* [Listed records]:
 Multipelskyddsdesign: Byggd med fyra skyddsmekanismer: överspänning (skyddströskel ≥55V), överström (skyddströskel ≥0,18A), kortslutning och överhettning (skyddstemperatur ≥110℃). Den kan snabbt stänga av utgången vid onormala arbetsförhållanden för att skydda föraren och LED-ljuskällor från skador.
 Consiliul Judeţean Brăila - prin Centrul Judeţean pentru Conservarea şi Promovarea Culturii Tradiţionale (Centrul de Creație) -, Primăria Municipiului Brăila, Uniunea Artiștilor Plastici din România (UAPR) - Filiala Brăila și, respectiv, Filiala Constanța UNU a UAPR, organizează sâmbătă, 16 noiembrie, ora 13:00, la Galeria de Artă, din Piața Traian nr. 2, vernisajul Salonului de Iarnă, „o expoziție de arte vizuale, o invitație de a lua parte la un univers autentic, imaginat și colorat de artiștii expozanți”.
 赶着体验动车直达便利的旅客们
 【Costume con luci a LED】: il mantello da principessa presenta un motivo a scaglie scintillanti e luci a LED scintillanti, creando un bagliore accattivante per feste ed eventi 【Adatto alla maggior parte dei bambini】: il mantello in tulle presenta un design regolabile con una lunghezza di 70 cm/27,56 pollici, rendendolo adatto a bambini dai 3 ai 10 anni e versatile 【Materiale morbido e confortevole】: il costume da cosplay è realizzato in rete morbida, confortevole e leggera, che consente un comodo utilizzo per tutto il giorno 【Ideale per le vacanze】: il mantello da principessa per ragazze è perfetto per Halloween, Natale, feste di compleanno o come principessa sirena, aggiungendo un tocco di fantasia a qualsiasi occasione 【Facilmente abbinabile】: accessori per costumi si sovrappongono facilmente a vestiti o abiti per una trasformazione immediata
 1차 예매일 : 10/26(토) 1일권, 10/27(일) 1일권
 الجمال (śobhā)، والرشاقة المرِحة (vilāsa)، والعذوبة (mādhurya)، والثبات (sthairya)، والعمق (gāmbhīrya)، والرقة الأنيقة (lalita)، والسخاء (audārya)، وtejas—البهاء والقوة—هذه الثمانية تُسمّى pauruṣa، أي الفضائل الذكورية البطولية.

* [Assigned task]:
If a line in the data holds the string "parte", copy that line.

* [Problem solution]:
 Consiliul Judeţean Brăila - prin Centrul Judeţean pentru Conservarea şi Promovarea Culturii Tradiţionale (Centrul de Creație) -, Primăria Municipiului Brăila, Uniunea Artiștilor Plastici din România (UAPR) - Filiala Brăila și, respectiv, Filiala Constanța UNU a UAPR, organizează sâmbătă, 16 noiembrie, ora 13:00, la Galeria de Artă, din Piața Traian nr. 2, vernisajul Salonului de Iarnă, „o expoziție de arte vizuale, o invitație de a lua parte la un univers autentic, imaginat și colorat de artiștii expozanți”.
 【Costume con luci a LED】: il mantello da principessa presenta un motivo a scaglie scintillanti e luci a LED scintillanti, creando un bagliore accattivante per feste ed eventi 【Adatto alla maggior parte dei bambini】: il mantello in tulle presenta un design regolabile con una lunghezza di 70 cm/27,56 pollici, rendendolo adatto a bambini dai 3 ai 10 anni e versatile 【Materiale morbido e confortevole】: il costume da cosplay è realizzato in rete morbida, confortevole e leggera, che consente un comodo utilizzo per tutto il giorno 【Ideale per le vacanze】: il mantello da principessa per ragazze è perfetto per Halloween, Natale, feste di compleanno o come principessa sirena, aggiungendo un tocco di fantasia a qualsiasi occasione 【Facilmente abbinabile】: accessori per costumi si sovrappongono facilmente a vestiti o abiti per una trasformazione immediata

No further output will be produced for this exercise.